◆ What you are asked to do
Retype the data below exactly, skipping pictures.

◆ Dataset extract
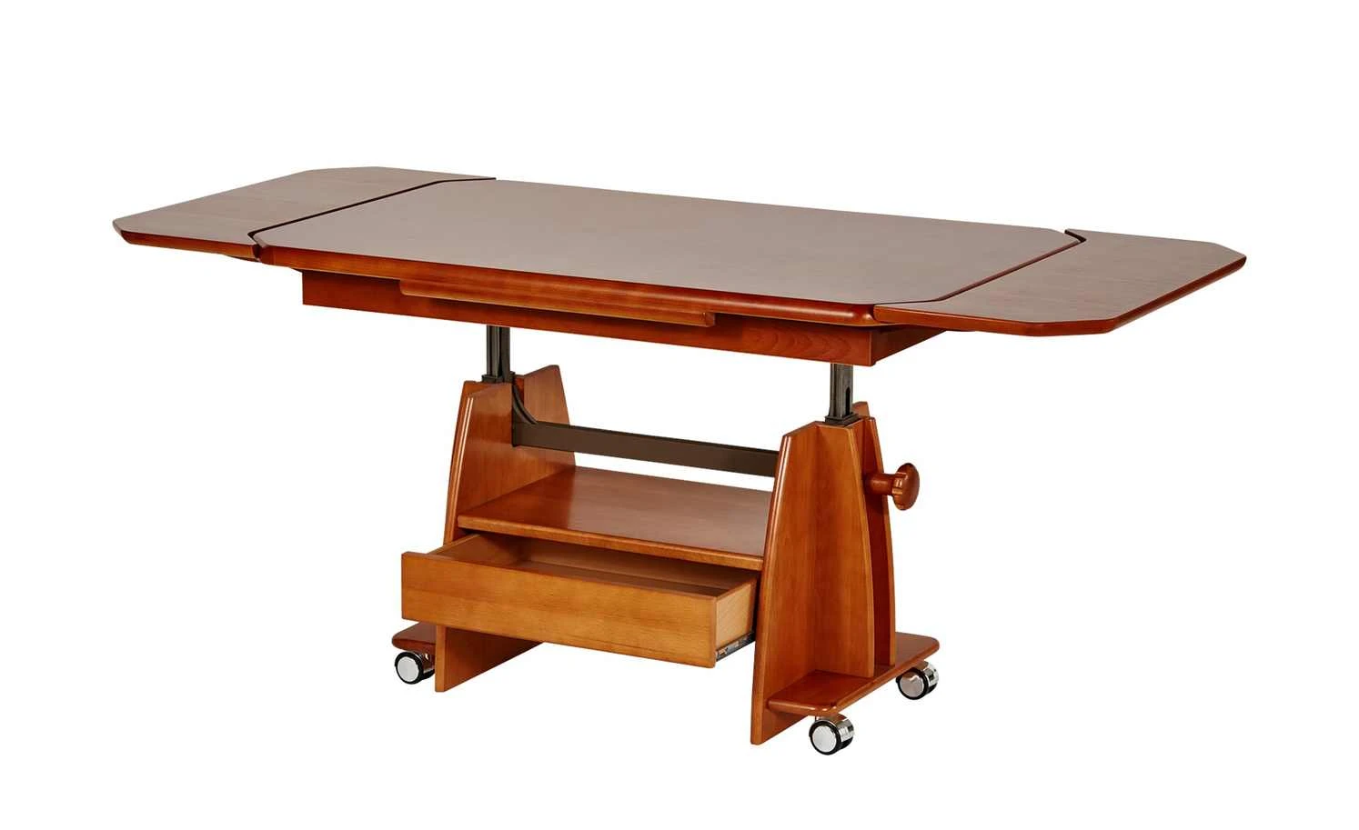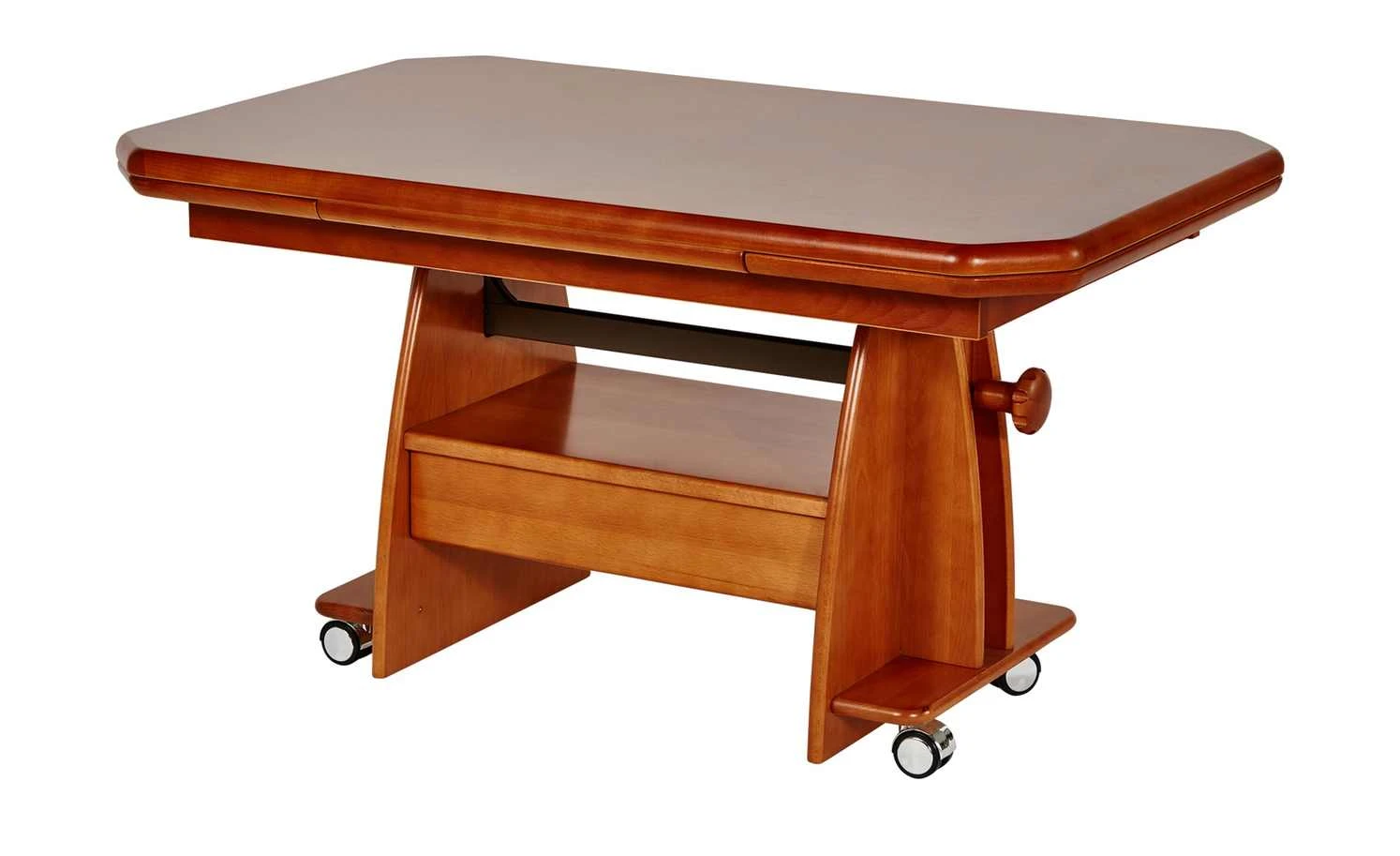 Der Couchtisch Hamal lässt sich auf Ihre Bedürfnisse anpassen. Durch die Rollen können Sie ihn einfach dorthin bewegen, wo Sie ihn brauchen. Die Höhe des Tisches lässt sich von 55 bis 65 Zentimeter variieren. Die Verstellung erfolgt händisch – und zwar mithilfe eines Knopfes unterhalb der Tischplatte. Die Tischplatte selbst kann von 110 auf 160 Zentimeter Länge ausgezogen werden. Hamals besteht aus Buchenholz. Während für die Tischplatte ein Furnier verwendet wurde, besteht das Gestell aus massiver Buche. Das Holz ist gebeizt und lackiert worden, wodurch es eine schöne Kirschbaumoptik erhalten hat.
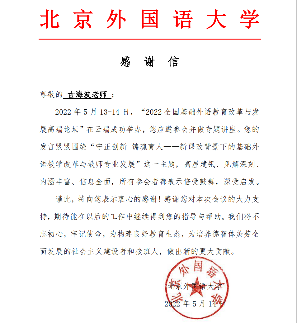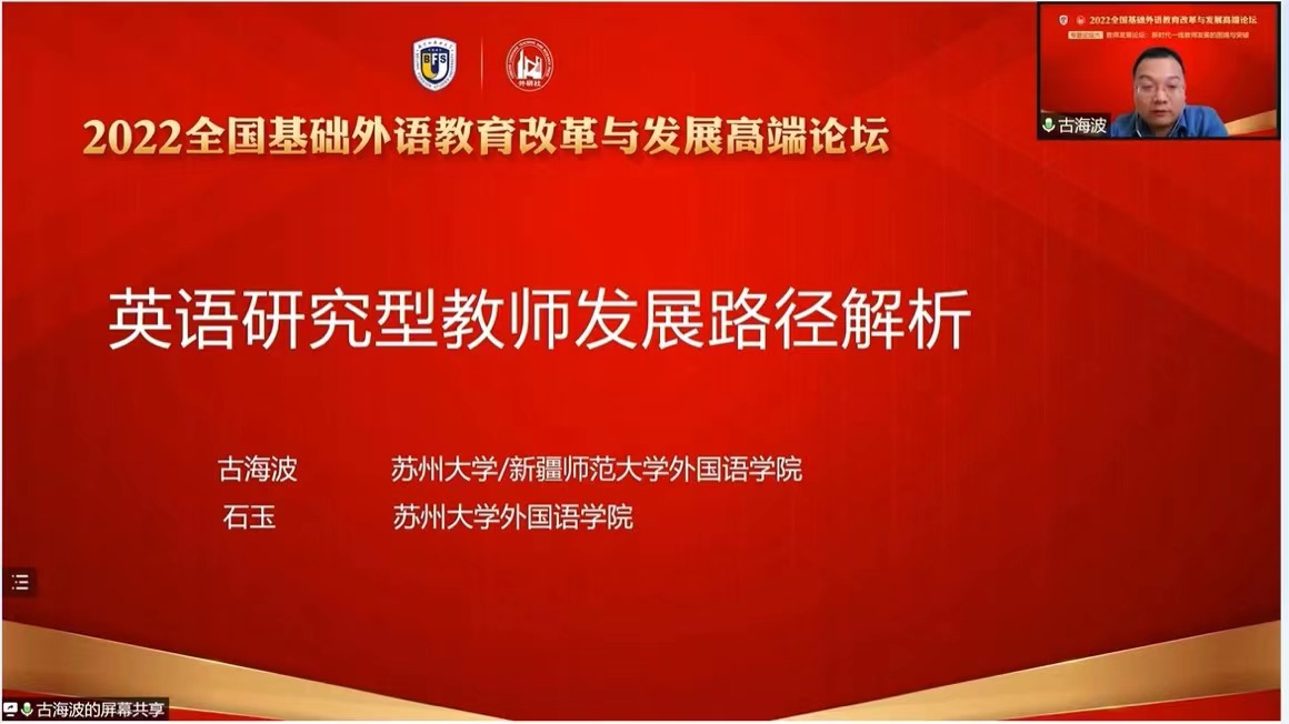 2022年5月13日,由北京外国语大学主办、外语教学与研究出版社承办的“2022全国基础外语教育改革与发展高端论坛”开幕。13日下午,直播 古海波副教授 (新疆师范大学外国语学院挂职副院长)和21级研究生石玉受邀参加分论坛六:“新时代一线教师发展的困境与突破”,并发表题为“英语研究型教师发展路径解析”的学术报告。论坛全程线上直播,吸引了约1.87万人次观看。北京外国语大学为此发来感谢信。
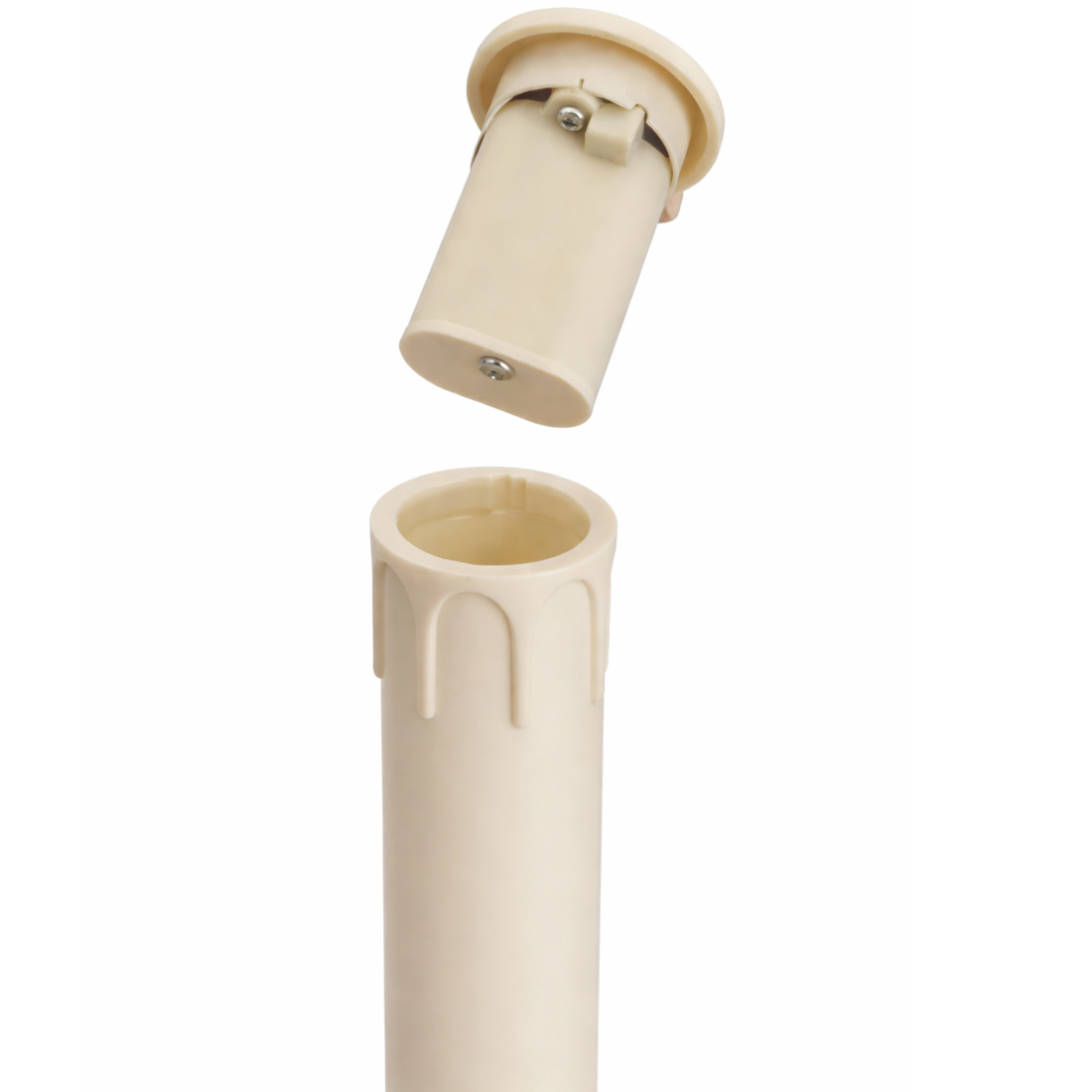 The battery-operated processional candles are processional consumables each formed of an imitation-wax tube, an LED bulb and a compartment for two AA batteries. This product is sold as a set of two.
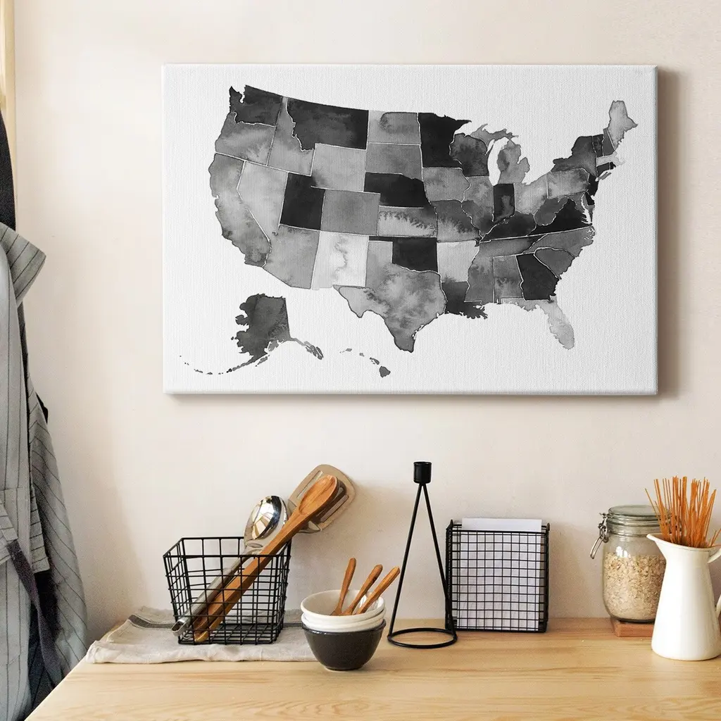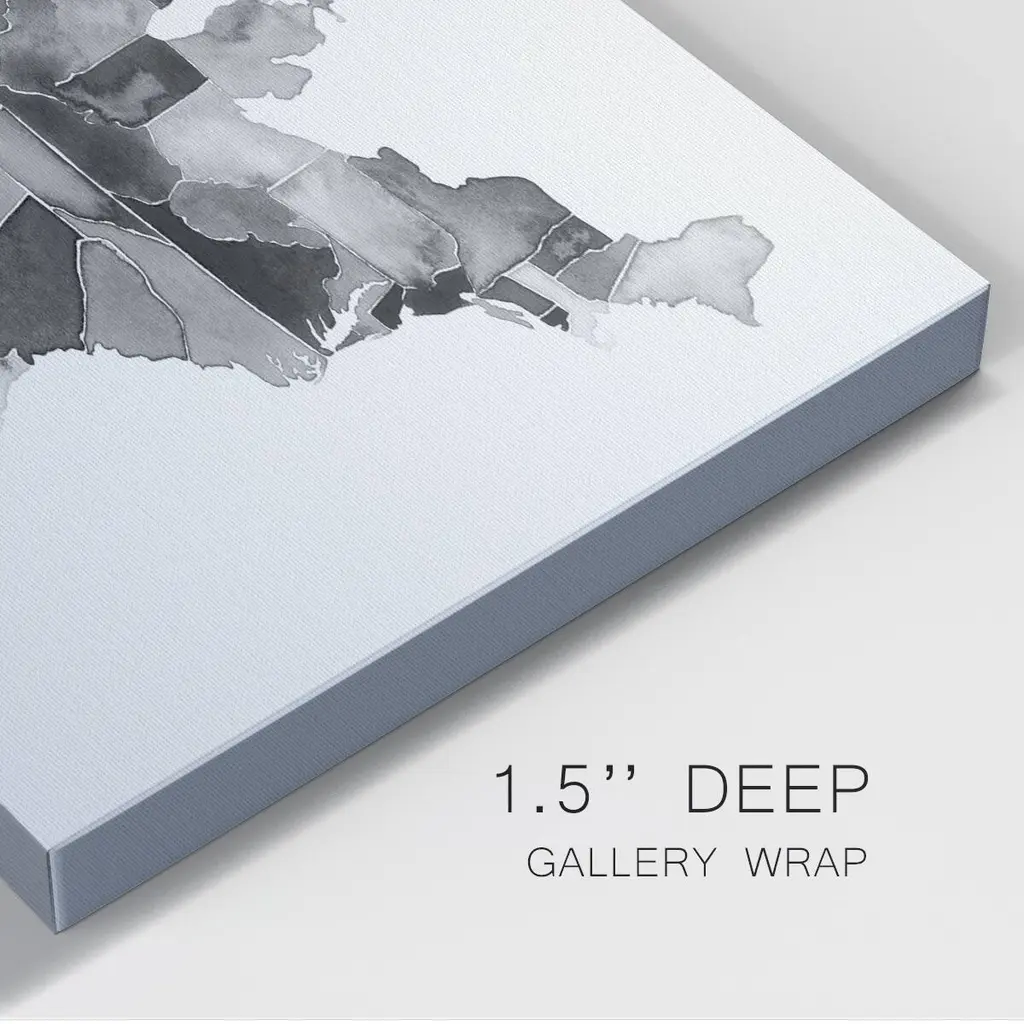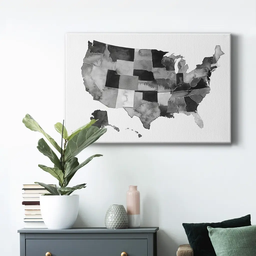 USA in Watercolor II Premium Gallery Wrapped Canvas - Ready to Hang A premium hand stretched gallery wrapped canvas print created to last. Featuring a beveled a solid wood stretcher bar, each piece comes ready to hand 6 SIZES AVAILABLE 8''X12'' - Overall Size 12''X18'' - Overall Size 18''X27'' - Overall Size 24''x36'' - Overall Size 32''x48'' - Overall Size 40''x60'' - Overall Size Each piece is made to order. Built to Last Each piece comes ready to hang Solid wood stretcher Fade and Water resistant Made domestically

◆ Task result
 Der Couchtisch Hamal lässt sich auf Ihre Bedürfnisse anpassen. Durch die Rollen können Sie ihn einfach dorthin bewegen, wo Sie ihn brauchen. Die Höhe des Tisches lässt sich von 55 bis 65 Zentimeter variieren. Die Verstellung erfolgt händisch – und zwar mithilfe eines Knopfes unterhalb der Tischplatte. Die Tischplatte selbst kann von 110 auf 160 Zentimeter Länge ausgezogen werden. Hamals besteht aus Buchenholz. Während für die Tischplatte ein Furnier verwendet wurde, besteht das Gestell aus massiver Buche. Das Holz ist gebeizt und lackiert worden, wodurch es eine schöne Kirschbaumoptik erhalten hat.
 2022年5月13日,由北京外国语大学主办、外语教学与研究出版社承办的“2022全国基础外语教育改革与发展高端论坛”开幕。13日下午,直播 古海波副教授 (新疆师范大学外国语学院挂职副院长)和21级研究生石玉受邀参加分论坛六:“新时代一线教师发展的困境与突破”,并发表题为“英语研究型教师发展路径解析”的学术报告。论坛全程线上直播,吸引了约1.87万人次观看。北京外国语大学为此发来感谢信。
 The battery-operated processional candles are processional consumables each formed of an imitation-wax tube, an LED bulb and a compartment for two AA batteries. This product is sold as a set of two.
 USA in Watercolor II Premium Gallery Wrapped Canvas - Ready to Hang A premium hand stretched gallery wrapped canvas print created to last. Featuring a beveled a solid wood stretcher bar, each piece comes ready to hand 6 SIZES AVAILABLE 8''X12'' - Overall Size 12''X18'' - Overall Size 18''X27'' - Overall Size 24''x36'' - Overall Size 32''x48'' - Overall Size 40''x60'' - Overall Size Each piece is made to order. Built to Last Each piece comes ready to hang Solid wood stretcher Fade and Water resistant Made domestically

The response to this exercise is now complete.